Grouping similar concepts and creating intersections

We then grouped them into wider categories called “clusters”, or groups that have overlapping themes. Afterwards, we thought about which categories could intersect with each other in the future, and grouped them together (visually, we displayed that through circling them).

We believed the most compelling intersection was the group consisting of AI, data collection and the future of in-person concerts; as a team, we were already envisioning a future where emerging technologies could bridge the gap between audiences and musical artists.

Axial Analysis

User needs and feasibility

From there, we synthesized this cluster (AI, data collection and the future of in-person concerts) into concepts we’d like to explore, and plotted them on an axial chart. Our goal was to find an idea that had high benefit for users and a high feasibility with today's technology.
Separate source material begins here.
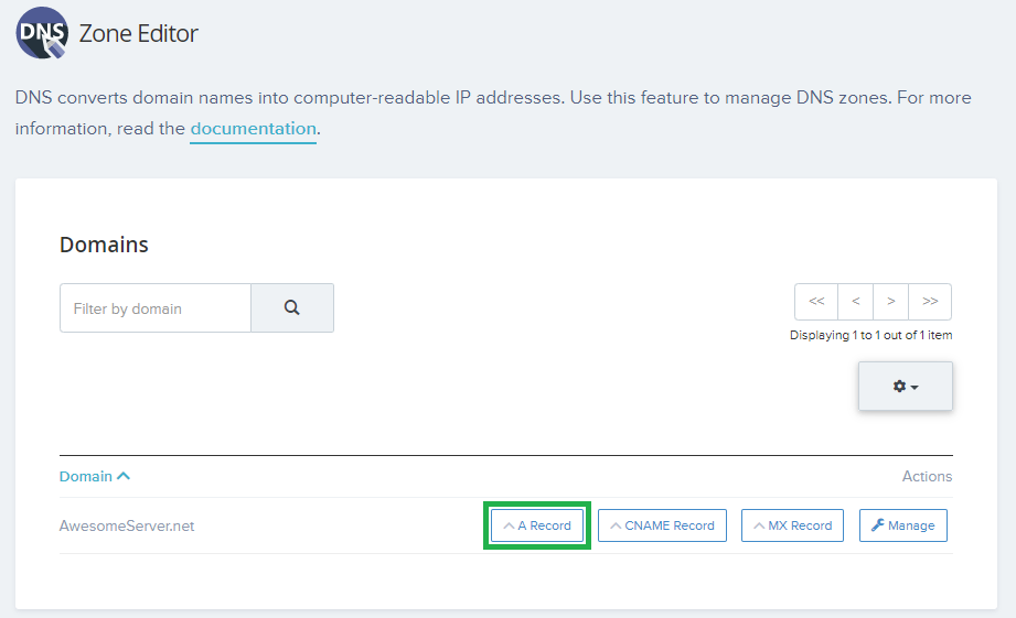 Once you’ve connected your Nameservers you can use the ” Zone Editor ” tool available on cPanel to create an A Record for your Server IP.

We decided to combine the three most valuable ideas into a product that provides performers with data on audience reception -- facial expressions, reactions and presumed emotions -- through camera recordings during the event.

Persona

Focusing on our user

We needed to understand the needs, pain points and motivations of our target users, who were musical artists and their teams. We created a persona for Doja Cat, a popular performing artist.

User Flows

How would the product serve users?

After we had solidified a concept, we sought to make it tangible. We knew we wanted a data visualizations and recommendations (outcomes), but we needed to balance the need to make the information extensive and useful, with the incomprehensibility that comes with overly-complicated designs.

Key design choices

We approached the design with quick and easy comprehensibility in mind. Artists and their teams often have packed schedules, especially around the times they’re touring/performing.
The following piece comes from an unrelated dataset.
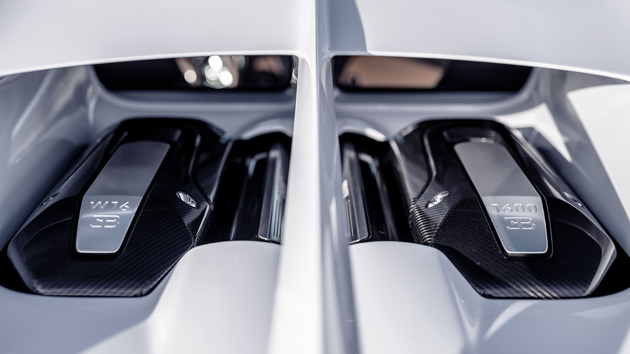 Ο μεγάλος 16κύλινδρος W κινητήρας των οχτώ λίτρων και τεσσάρων turbo (στα 2,8 bar η πίεση) δέχτηκε πολλές αλλαγές από τους μηχανικούς της γαλλικής εταιρίας, με στόχο να αυξήσει ακόμη περισσότερο την απόδοση του, χωρίς αυτό να γίνει σε βάρος της αξιοπιστίας. Το μοτέρ αποδίδει τώρα 100 ίππους περισσότερους και φτάνει στους 1.600 έχοντας δεχτεί αλλαγές στους υπερσυμπιεστές, στο κύκλωμα λίπανσης αλλά και στις κεφαλές του. Παράλληλα αυξήθηκε και το όριο περιστροφής του κατά 300 σ.α.λ. φτάνοντας τώρα στις 7.300 σ.α.λ. Τα 1.600 Nm ροπής που παράγει είναι τώρα διαθέσιμα έως και τις 7.000 σ.α.λ. (από τις μόλις 2.000 στροφές), ενώ στη Chiron το φάσμα “περιορίζεται” έως τις 6.000 στροφές.

Clear, easy-to-skim Dashboard and Results page

Users have two ways they can read performance analytics: through text or data visualizations

AI Chatbot

Accounts for user needs that deviate from the analytics, such as exporting files

Glossary of Terms

Users who are unsure about the definitions of terms like "Audio engagement" can use the Glossary located on the left-hand side

Lo-Fi Prototype

Reflection

What we did well, and what we could improve upon in the future

Although our product lacks in deep exploration and detail, the goal of the assignment was to create a concept that reflected future trends and execute a prototype in a short time period, which we achieved. I believe that a tool like this would be really useful to musical artists, especially given our current culture in recording and scrutinizing their live performances. This would be a valuable tool in gauging audience reception.
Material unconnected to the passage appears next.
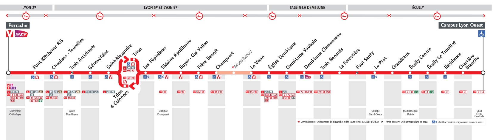 Le Bus 55 est une des lignes du réseau Transports en Commun Lyonnais (TCL) reliant les 2 communes Écully et Lyon 2e Arrondissement. La station de départ Campus Lyon Ouest se situe à l'adresse 36 AVENUE GUY DE COLLONGUE Écully et la station d'arrivée Perrache est localisée à l'adresse PLACE CARNOT Lyon 2e Arrondissement. Les arrêts desservis par le Bus 55 sont au nombre de 26 situés dans les 5 communes : Lyon 9e Arrondissement, Tassin-la-Demi-Lune, Lyon 5e Arrondissement, Écully, et Lyon 2e Arrondissement.
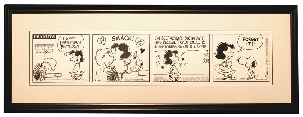 Original ''Peanuts'' comic strip, hand-drawn and signed by Charles Schulz. 16 December 1968 four-framed strip shows Lucy and Schroeder in one of their typical moments. Lucy vies for Schroeder's attention, finding an inconspicuous way to give him a kiss by using Beethoven's birthday as a ruse. Sadly, poor Snoopy doesn't get the same affection. Four-panel strip, measuring 33'' x 11'' is housed in a simple black frame with white mat. Fine condition. Excellent example of Schulz's work.

I think we neglected thinking about the privacy concerns this software would raise; if FanSense is based on the assumption that everyone in the audience will be recorded, this could breach their right to anonymity. More research into how data can be collected whilst keeping people's’ privacy intact, and how consent can be obtained ethically, would be great benchmarks in further research. 


More iteration would be needed for FanSense to become a viable product, but from a personal standpoint, this project was valuable to my team and I because it reinforced the value of design jams and similar, quick design sessions.